Graciela Iturbide was born in Mexico in 1942, the eldest of thirteen children. She then married the architect Manuel Rocha Díaz in 1962 and had three children over the next eight years. Iturbide's six year old daughter died in 1970; after this death she turned to photography. She studied at the Centro Universitario de Estudios Cinematográficos at the Universidad Nacional Autónoma de México, where she met her mentor, the teacher, cinematographer and photographer Manuel Álvarez Bravo.

Iturbide photographs everyday life, almost entirely in black-and-white. She was inspired by the photography of Josef Koudelka, Henri Cartier-Bresson, Sebastiao Salgado and Álvarez Bravo. She became interested in the daily life of Mexico's indigenous cultures and has photographed life in Mexico City, Juchitán, Oaxaca and on the Mexican/American frontier (El Frontera.)
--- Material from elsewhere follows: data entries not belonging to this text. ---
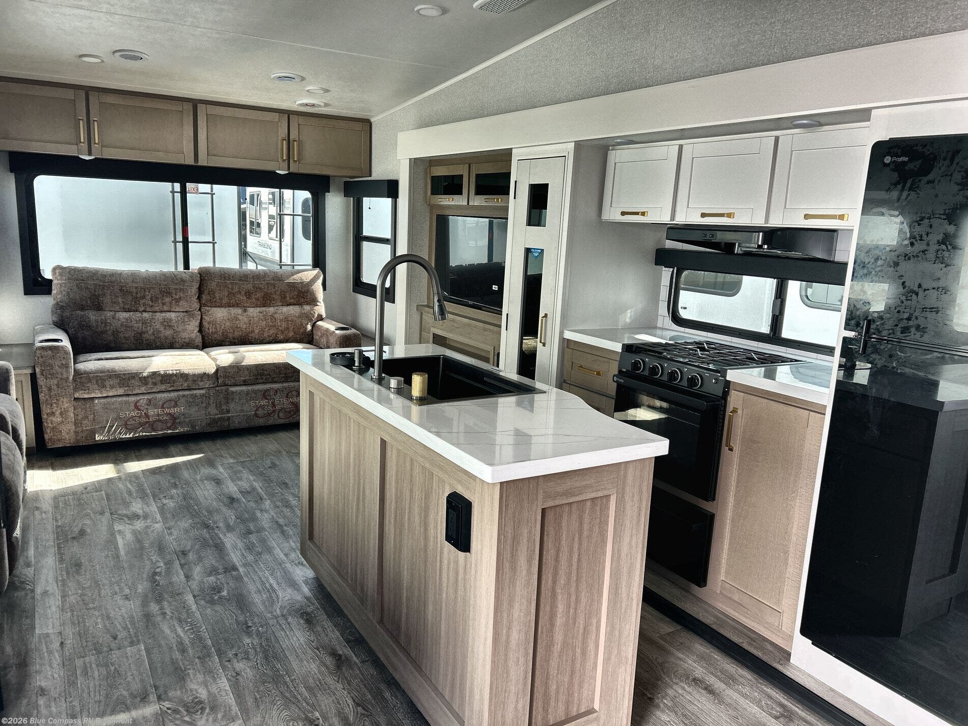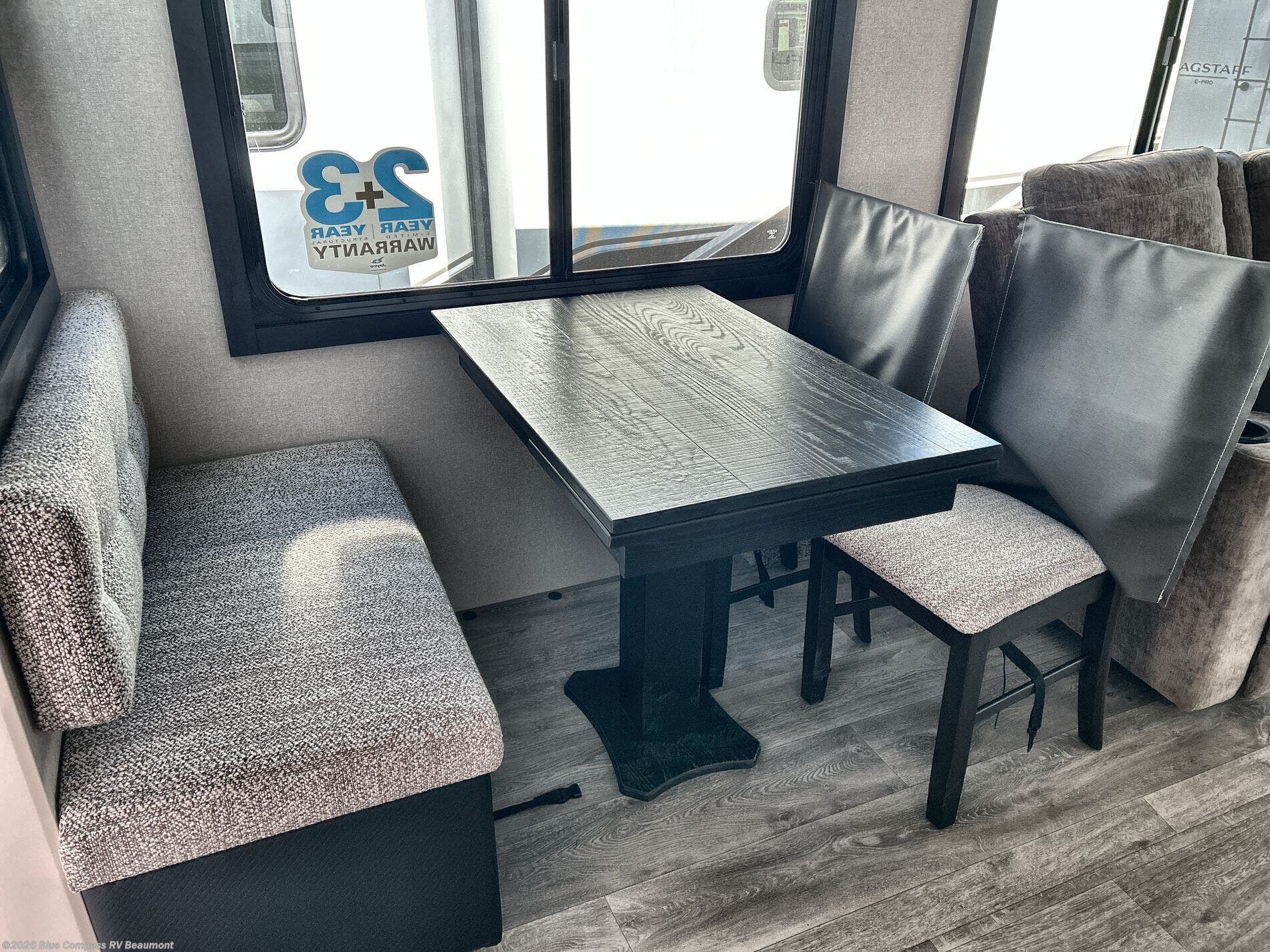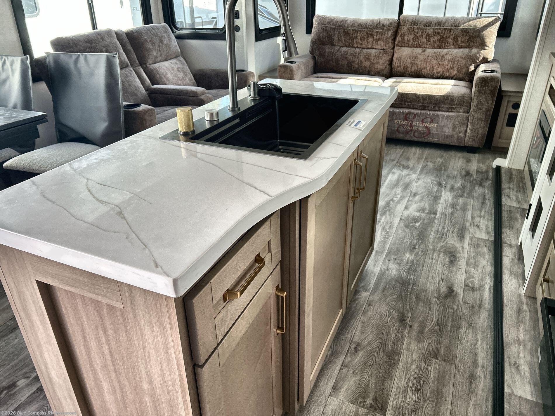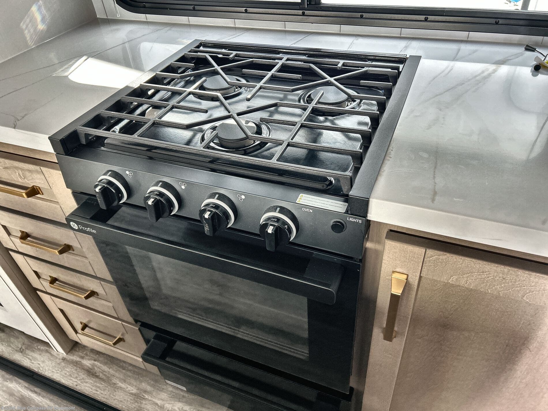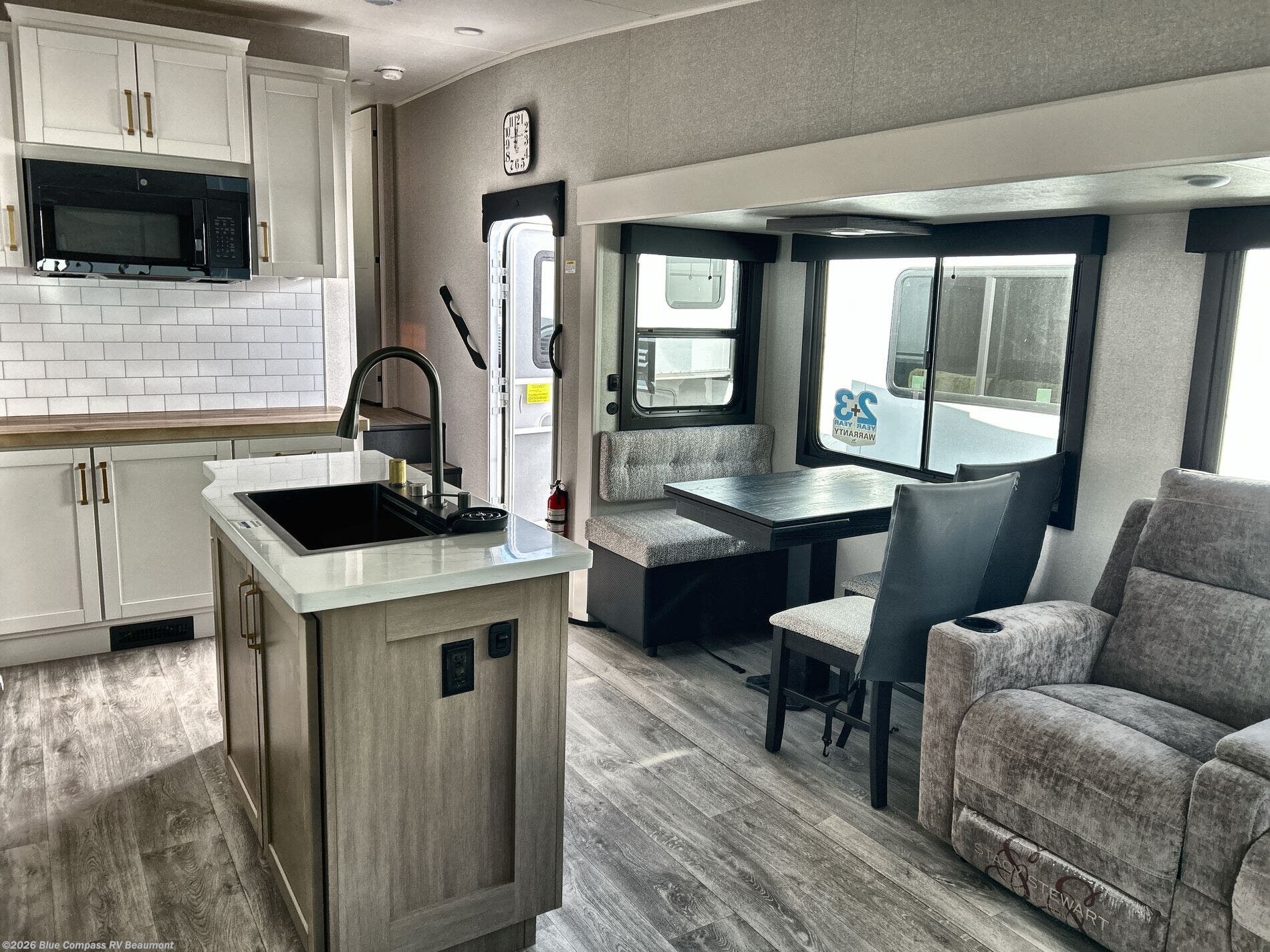 You will love how much interior space you have in this fifth wheel thanks to the dual opposing slides in the combined kitchen and living area! While your crew is relaxing on the theater seat or tri-fold sofa, you can prepare dinner on the GE black and stainless 21" range. There is also an entertainment center and fireplace across from the theater seat for easy viewing, and the table and chairs with a bench will be the perfect place to play a board game at. Head to the front to enjoy the private bedroom with an Olympic queen bed, and the full bath is close by for easy nighttime use!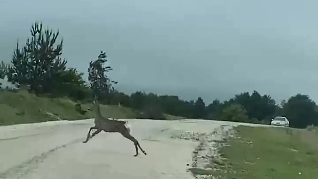 Taşova Karamuk köyü merasında Vali Yılmaz Doruk'un doğa tutkunu eşi Meral Doruk Doruk, otomobiliyle geçtiği sırada gördüğü karacayı cep telefonu kamerasıyla görüntüledi. Görüntülerde, ormanda koşuşturan karacanın otomobilin önünden hızla geçip daha sonra gözden kaybolduğu görüldü. (DHA)
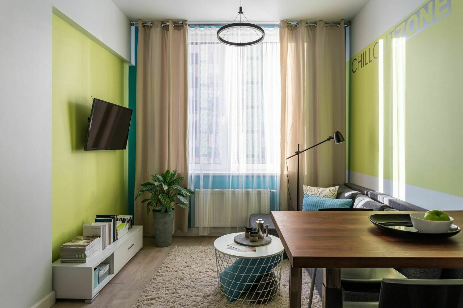 Бюджетный ремонт евродвушки 36 м² в неоновых цветах3,9
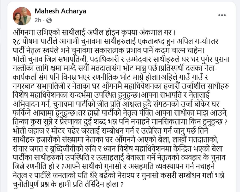 यसै सन्दर्भमा नेता आचार्यले मंगलबार बिहान सामाजिक सञ्जालमार्फत शीर्ष नेतृत्वप्रति असन्तुष्टि पोखेका हुन्। ‘आँगनमा उभिएको साथीलाई अपिल होइन, कृपया अंकमाल गर’, उनले लेखेका छन्, ‘अहिले गाउँगाउँ र नगरबाट सभापतिजी र नेताका घरआँगनमै महाधिवेशनका हजारौँ ऊर्जाशील साथीहरू विशेष महाधिवेशनका सन्दर्भमा उपस्थित हुनुहुन्छ। आफ्ना सभापति र नेतालाई अभिवादन गर्न, चुनावमा पार्टीको जितप्रति आश्वस्त हुँदै संगठनको ऊर्जा बोकेर घर फर्किने आशामा हुनुहुन्छ। तर हाम्रो पार्टीको नेतृत्व-पंक्ति आफ्ना साथीका माझ आउने, तिनका कुरा सुन्ने र प्रेरणाका दुई शब्द भन्न पनि नचाहने मानसिकतामा किन हुनुहुन्छ।’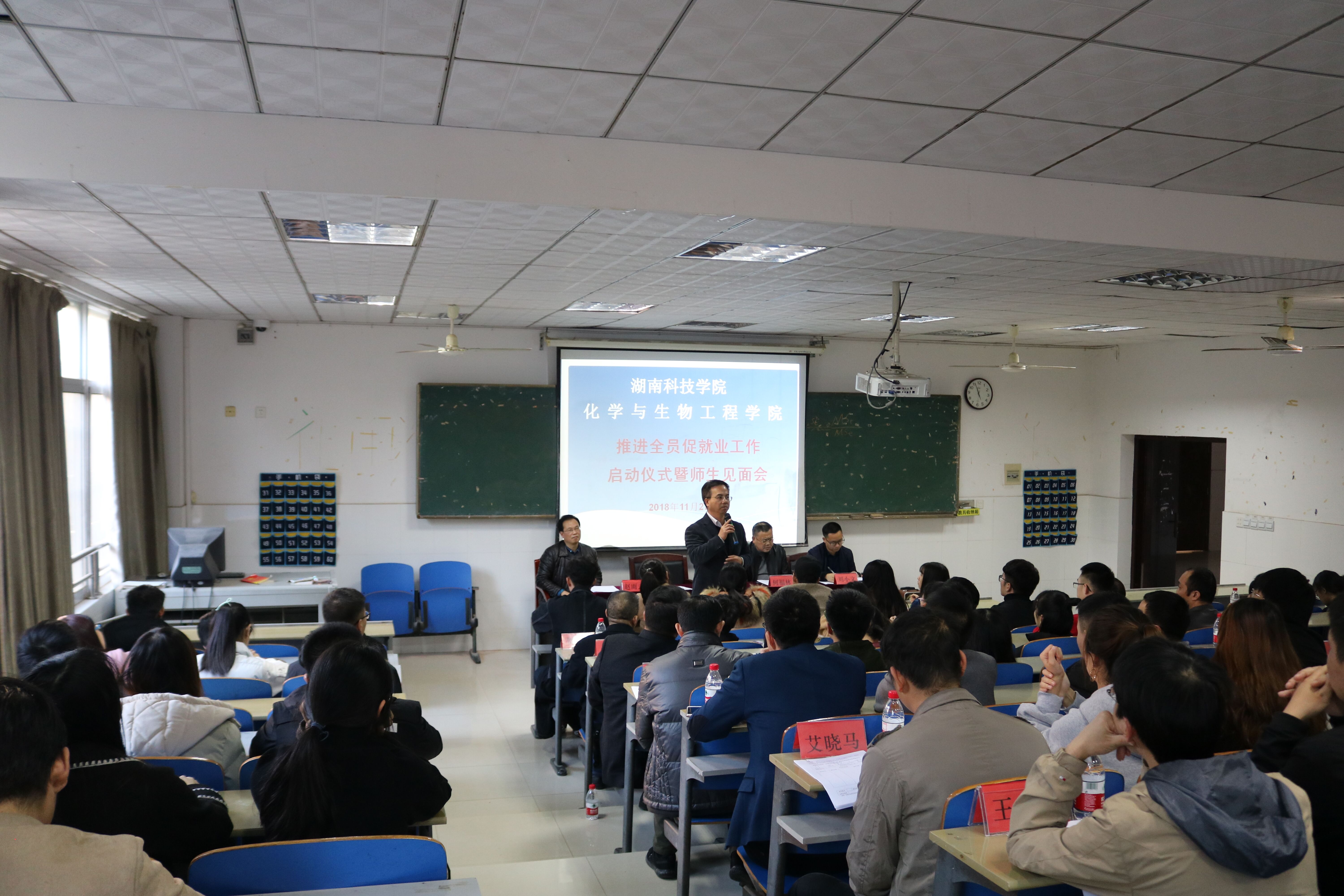 本网讯  11月27日下午,化学与生物工程学院全员促就业工作启动仪式暨师生见面会在逸夫楼323教室举行。校党委书记陈弘作为就业指导老师参加了此次会议,并与学生亲切交流。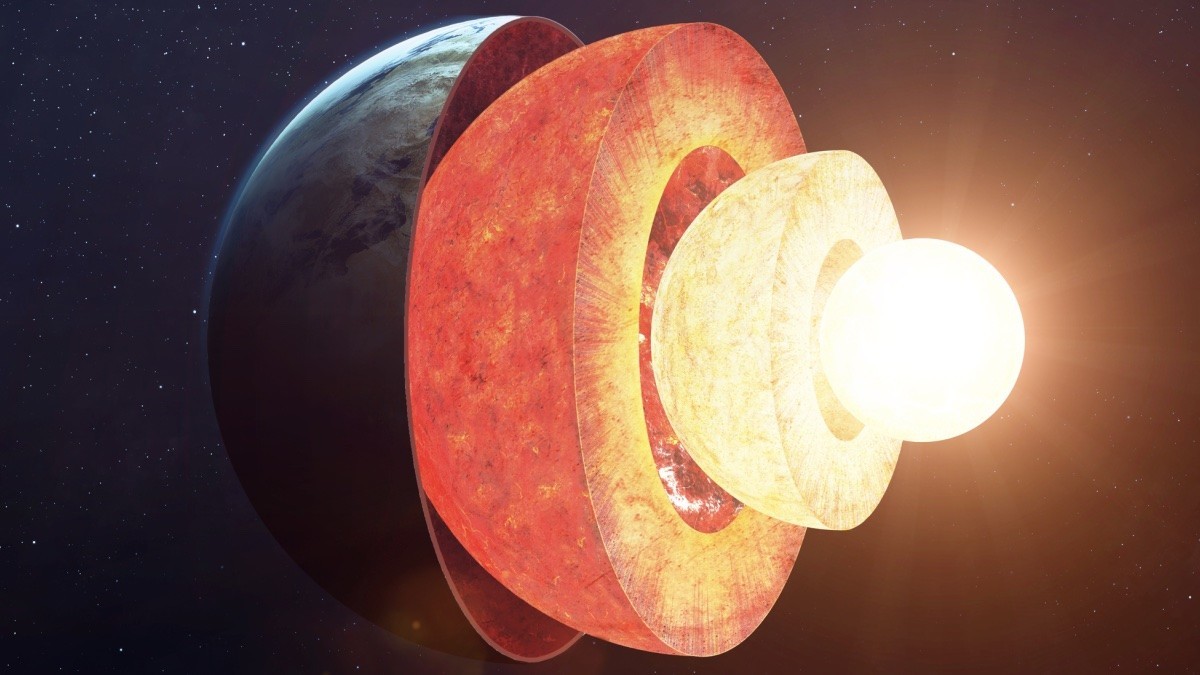 Начнем с основ. Земля внутри многослойна, как лук. Твердое железо-никелевое внутреннее ядро ​​— сегодня его радиус составляет 1200 километров — окружено жидким внешним ядром из расплавленного железа и никеля толщиной около 2400 километров. Внешнее ядро ​​окружено мантией из горячих горных пород толщиной 2900 километров и перекрывается тонкой прохладной каменистой корой на поверхности.

In 1979, Iturbide was asked by a man to photograph his village. Interested by the proposal, Iturbide released her first collection, titled "Mujer Ángel" ("Angel Woman") and shot in Mexico's portion of the Sonoran desert. Her first experience as a photographer shaped Iturbide's views on life, making her a strong supporter of feminism. The image of "Mujer Ángel" was used by the politically charged metal group Rage Against The Machine for their single "Vietnow" in 1997.

Some of the inspiration for her next work came from her support of feminist causes. Her well known collection, "Señora de Las Iguanas", ("Our Lady of the Iguanas") was shot in Juchitán, Oaxaca, a city where women dominated town life. Her work in Juchitán was not only about women, however: she also shot "Magnolia", a photo of a man wearing a dress and looking at himself on a mirror. It was "Magnolia" that has led many photography experts to say that Iturbide also explored sexuality among Mexicans with her work.

Iturbide has also photographed Mexican Americans in the White Fence barrio of East Los Angeles as part of the documentary book "A Day in the Life of America" (1987). She has worked in Argentina (during 1996), India (where she shot another well known photo of hers, "Perros Perdidos", or "Lost Dogs"), and the United States, where she did her last known work, an untitled collection of photos shot in Texas.

She is a founding member of the Mexican Council of Photography. Her work has been exhibited internationally and is included in many major museum collections including those of the Metropolitan Museum of Art, the Museum of Modern Art, the Los Angeles County Museum of Art and the J. Paul Getty Museum. The largest collection of original prints in the United States is located at the Wittliff Collections, Texas State University.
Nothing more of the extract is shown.